Assignment:
Output, exactly as written, the lines below starting at the line containing "5. Mount the" and ending at the line containing "Someone in Lesotho, the". Drop the pictures and keep both end lines.
######
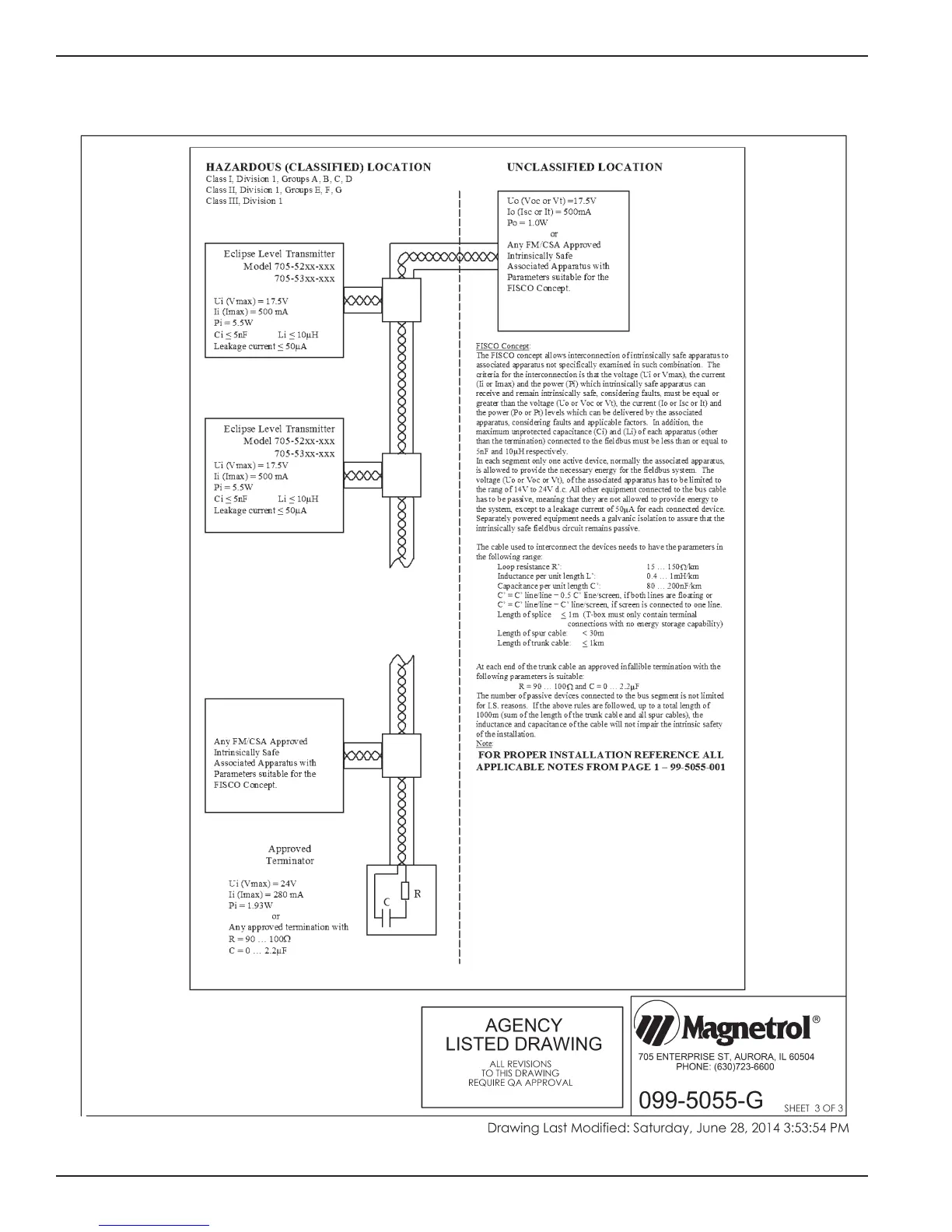 Eclipse 705 - Agency Specifications (FOUNDATION Fieldbus)
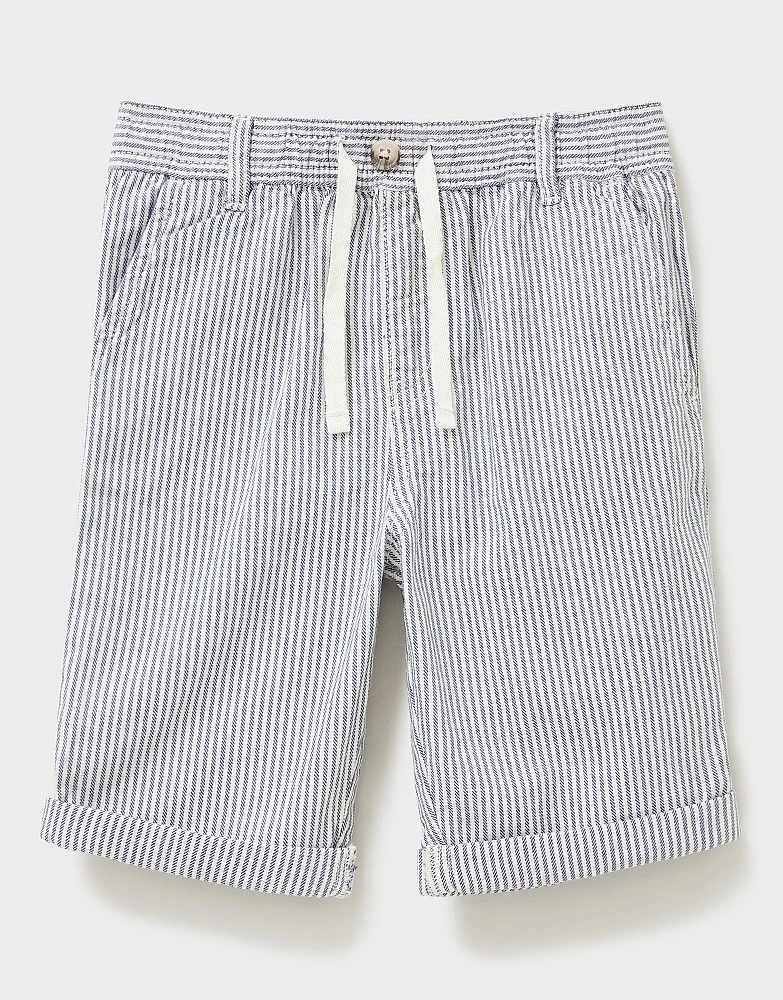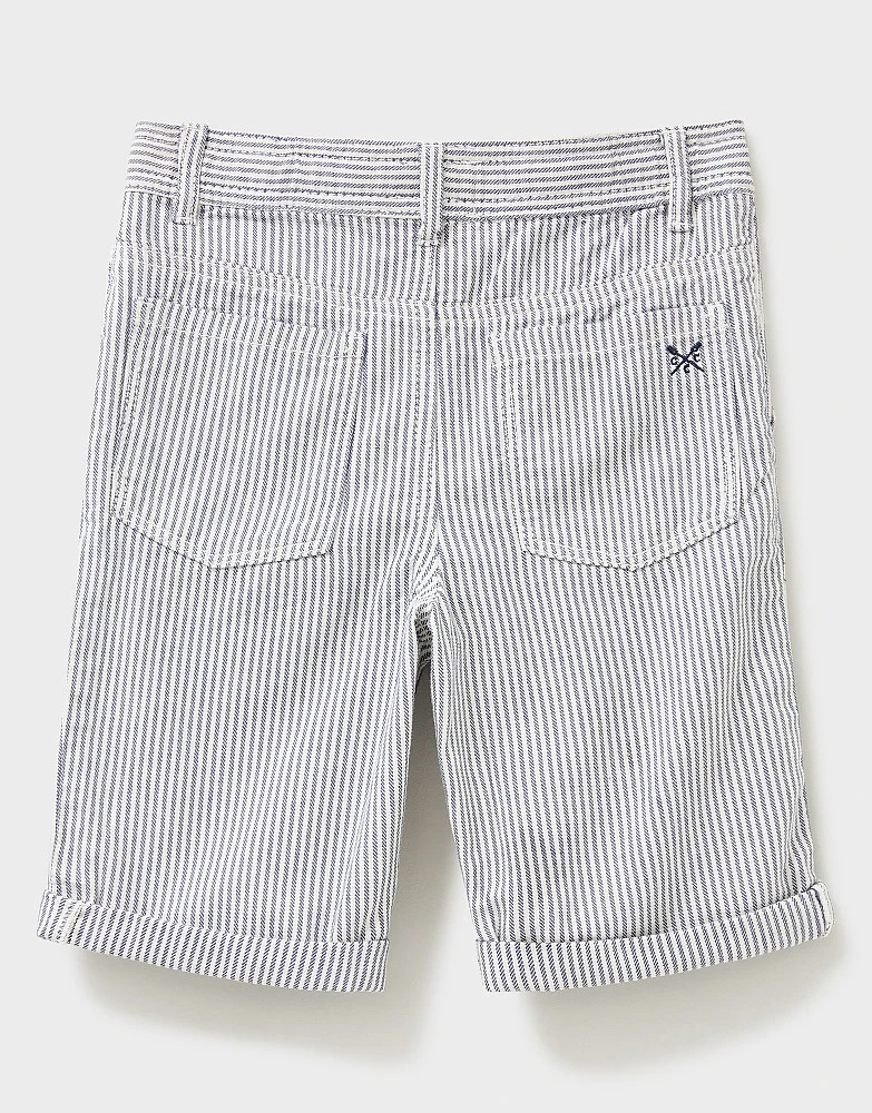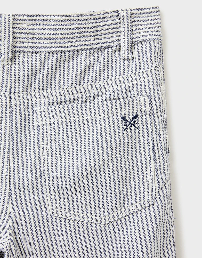 Boys’ blue and white striped shorts. These features handy pockets to stash treasures and an adjustable waist. Perfect for all their summer adventures.
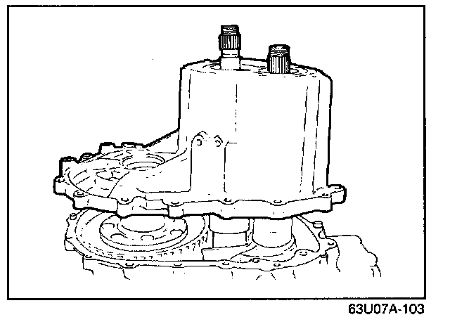5. Mount the transaxle case to the shafts and the differential selector, as shown in the image.
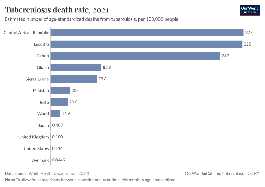 Someone in Lesotho, the Central African Republic, or Gabon is at least 3,000 times more likely to die from TB than someone in the United States or Denmark. You can see these huge differences in death rates in the chart below.
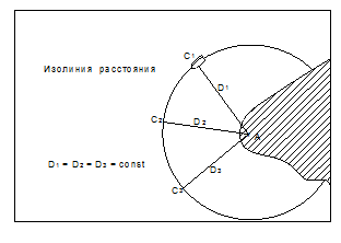 Изолиния расстояния – окружность с центром в точке, обозначающей ориентир и радиусом, равным измеренному расстоянию.
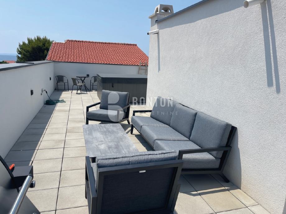 Apartman ima dvije spavaće sobe, potpuno opremljenu kuhinju i privatnu terasu od 4,45 četvornih metara. Premium sadržaji uključuju električno podno grijanje, rolete i mreže protiv komaraca te popločano parkirno mjesto. Na krovnoj terasi stanari mogu dijeliti jacuzzi, roštilj i sjedeću garnituru, što je savršeno mjesto za opuštanje i druženje. Također je idealan izbor za investitore, jer je potencijal najma do 200 eura/dan. Jedno parkirno mjesto ispred zgrade. Nekretnina je spojena na Struju, Vodu i Kanalizaciju.
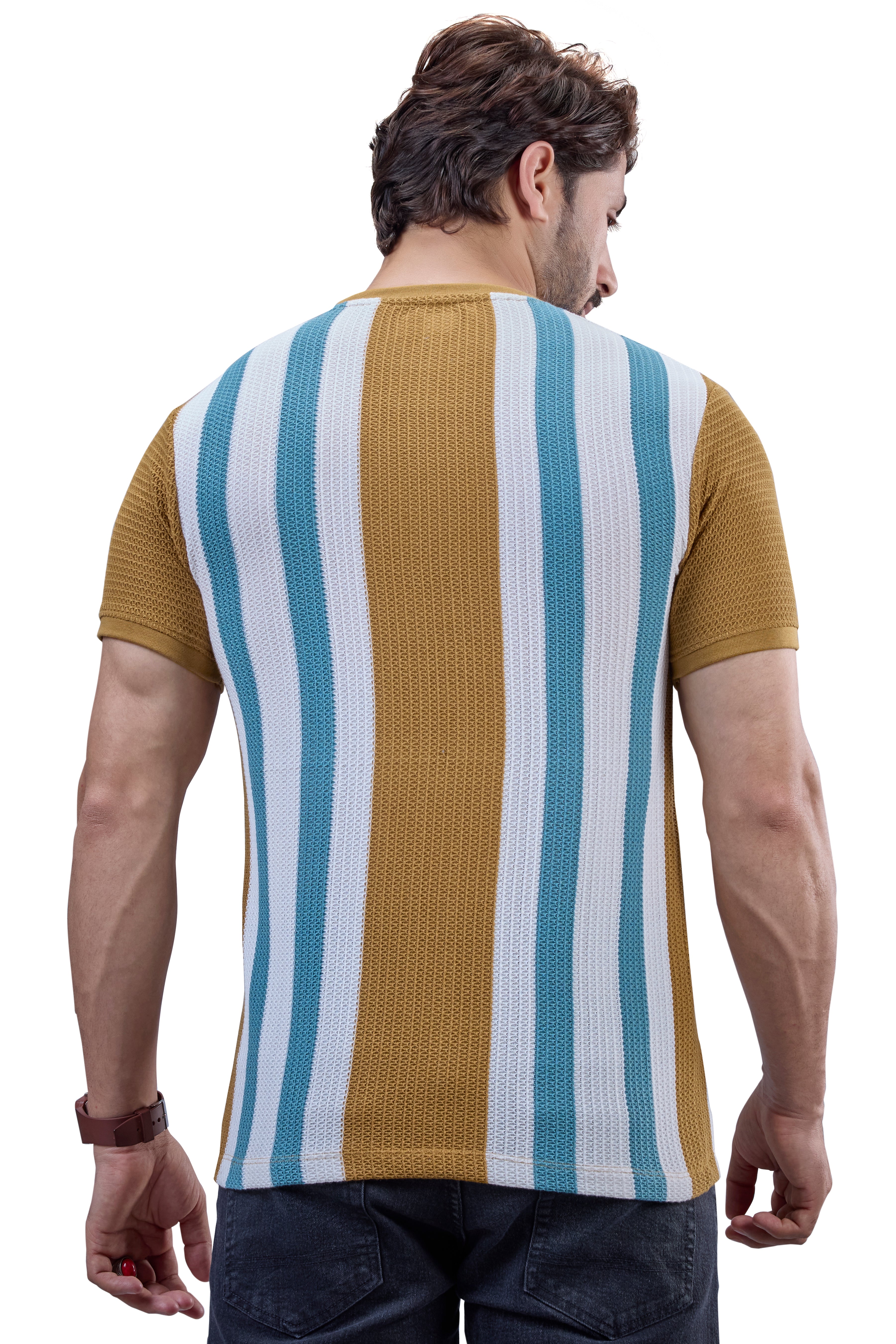 Unique and vibrant, the Mustard & Teal Striped Textured Crew Tee brings color and comfort to casual wear.
######
Exercise result:
5. Mount the transaxle case to the shafts and the differential selector, as shown in the image.
 Someone in Lesotho, the Central African Republic, or Gabon is at least 3,000 times more likely to die from TB than someone in the United States or Denmark. You can see these huge differences in death rates in the chart below.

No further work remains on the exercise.